How the big Utah storm stacked up to snowfall records

Wednesday marked one of the snowiest days in Salt Lake City history.

The snowstorm that rolled into Utah late Tuesday and lingered most of Wednesday made for the snowiest Feb. 22 on record in Salt Lake City, according to the National Weather Service.

From midnight on Tuesday until midnight on Wednesday, 11.5 inches fell — breaking the previous record of 9.9 inches set for the date on Feb. 22, 1994.

The snowfall total Wednesday also tied for eighth on the all-time list of snowiest days in Salt Lake City, according to snowfall records that date back to 1874.

The top dates include:

1. Nov. 24, 1908 • 14 inches.

2. Oct. 18, 1984 • 13.8 inches.

3. Jan. 25, 1996 • 13.4 inches.

4. Dec. 28, 1972 • 12.6 inches.

5. March 24, 1916 • 12 inches.

6. April 10, 1974 • 11.8 inches.

7. Feb. 17, 2021 • 11.7 inches.

8. (tie) Feb. 22, 2023, and March 22, 1964 • 11.5 inches.

The Wednesday snowfall total does not factor in snow that began falling in Salt Lake City on Tuesday evening.

That two-day snowfall total amounted to 17.3 inches, which ranks ninth on a list of all-time, two-day snowfall totals.

The top spot on that two-day list was 20.4 inches, set on Feb. 24-25, 1998.

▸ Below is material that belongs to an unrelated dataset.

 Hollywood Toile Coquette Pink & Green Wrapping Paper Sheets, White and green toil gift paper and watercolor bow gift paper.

(Francisco Kjolseth | The Salt Lake Tribune) Runners negotiate a snow-covered path along Interstate 80 in Salt Lake City on Wednesday, Feb. 22, 2023.

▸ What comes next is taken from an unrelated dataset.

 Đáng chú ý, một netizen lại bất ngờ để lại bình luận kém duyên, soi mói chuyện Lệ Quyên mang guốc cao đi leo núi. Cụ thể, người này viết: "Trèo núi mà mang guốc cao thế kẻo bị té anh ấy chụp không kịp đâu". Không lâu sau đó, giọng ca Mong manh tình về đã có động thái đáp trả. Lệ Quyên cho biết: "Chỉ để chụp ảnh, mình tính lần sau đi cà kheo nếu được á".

Other areas of the state received a lot more snow than Salt Lake City on Wednesday.

According to preliminary figures, those totals included: 21 inches in West Jordan; 20.5 inches in Midvale; 20 inches in South Jordan; 18.8 inches in Fort Union; 18 inches in Stansbury Park and West Jordan; 17.3 inches in Olympus Cove, 15 inches in Sandy and West Valley City; 14 inches in Cottonwood Heights, Park City and Riverton; and 12 inches in Provo and Spanish Fork.

[Read more: At Utah ski resorts, inches and snow reports don’t always add up]

According to National Weather Service records, Salt Lake City has recorded a total of 24 days with 10 or more inches of snow since 1874.

If you’re hoping for a quick end to winter, you probably don’t want to know that nine of those dates fell even later on the calendar — one in late February; six in March; and two in April. The latest was April 23, 1958, when 10.1 inches fell.

The latest spring snowstorm on record was June 6, 1914, though only 2 inches fell. The earliest fall snowstorm on record saw 2.2 inches on Sept. 17, 1965.

Though the recent storm brought a lot of snow, Salt Lake City has otherwise been relatively dry this month; with the exception of Tuesday and Wednesday, it saw just 3 inches of snow. Zero precipitation was recorded on Feb. 1-4, Feb. 7-17 and Feb. 20.

Forecast updates

(Francisco Kjolseth | The Salt Lake Tribune) Cars are entombed in snow at the park-and-ride lot at the base of Little Cottonwood Canyon on Wednesday, Feb. 22, 2023.

In Salt Lake City, there’s a 20% chance of a bit more snow on Friday morning and Saturday night, and a 50% chance on Sunday, when 1-2 inches may fall, according to the National Weather Service.

Other parts of the state will see more snowfall. A winter weather advisory remains in effect until 2 p.m. Friday for the Wasatch Mountains north of Interstate 80 — including the cities of Mantua and Logan Summit — where 8-14 inches are expected, with even more in some areas.